• EXERCISE REQUIREMENTS:
Every line of the material below needs to be copied exactly; omit the pictures.

[Opening SUPPLIED DATA section]

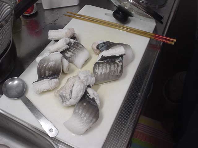 で、こいつを、思い切って頭と尻尾を切り捨てて、内臓を取り、軽く湯がいてから流水で水洗いをしてぬめりを取ります。
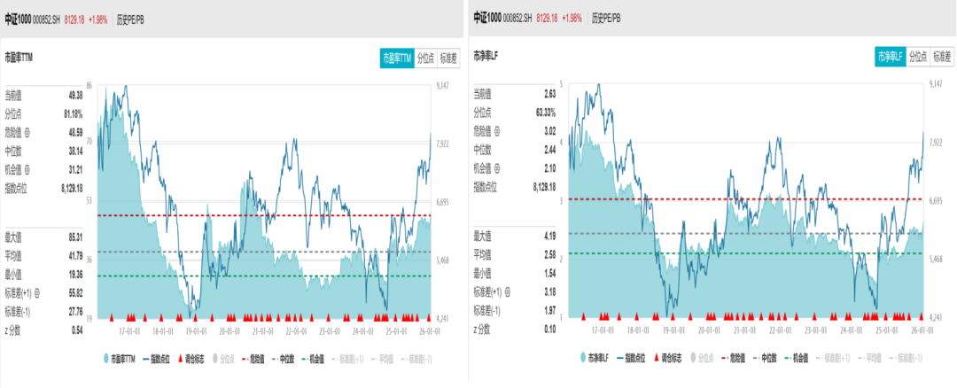 中证1000PE注册制改革以来分位点81%,PB分位数63%,估值中位。
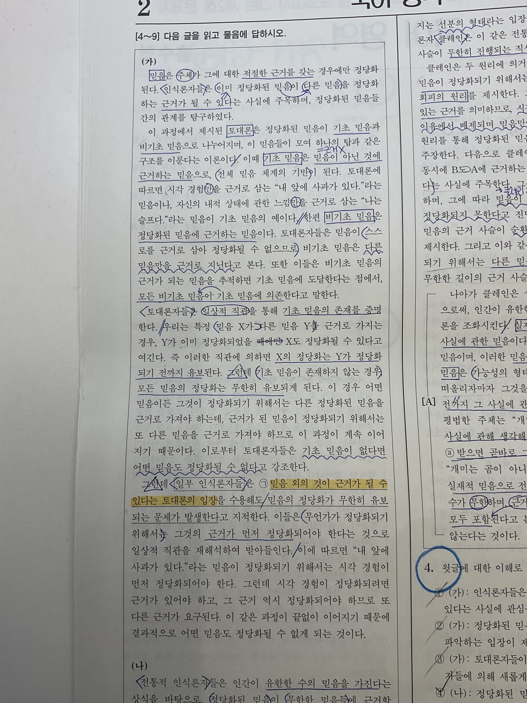 1. ㄱ에 친 노란색 밑줄부분에서 토대론은 믿음만이 믿음의 근거가 될 수 있다고 보는 입장 아닌가요? 왜 믿음 이외의 것이 근거가 될 수 있다고 하는지 잘 모르겠습니다
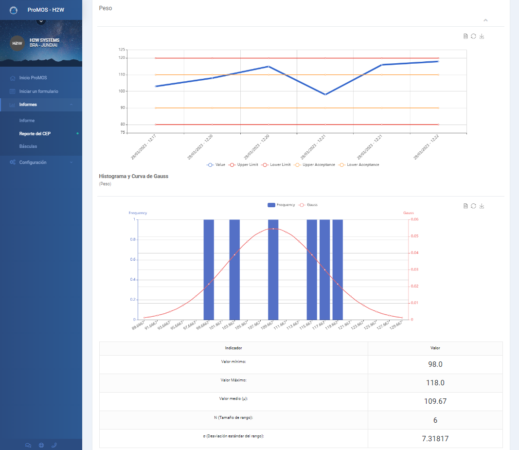 Genere informes estadísticos con CP y CPK, gráficos, curva de Gauss e Histograma.

[Closing SUPPLIED DATA section]

• RESPONSE BELOW:
 で、こいつを、思い切って頭と尻尾を切り捨てて、内臓を取り、軽く湯がいてから流水で水洗いをしてぬめりを取ります。
 中证1000PE注册制改革以来分位点81%,PB分位数63%,估值中位。
 1. ㄱ에 친 노란색 밑줄부분에서 토대론은 믿음만이 믿음의 근거가 될 수 있다고 보는 입장 아닌가요? 왜 믿음 이외의 것이 근거가 될 수 있다고 하는지 잘 모르겠습니다
 Genere informes estadísticos con CP y CPK, gráficos, curva de Gauss e Histograma.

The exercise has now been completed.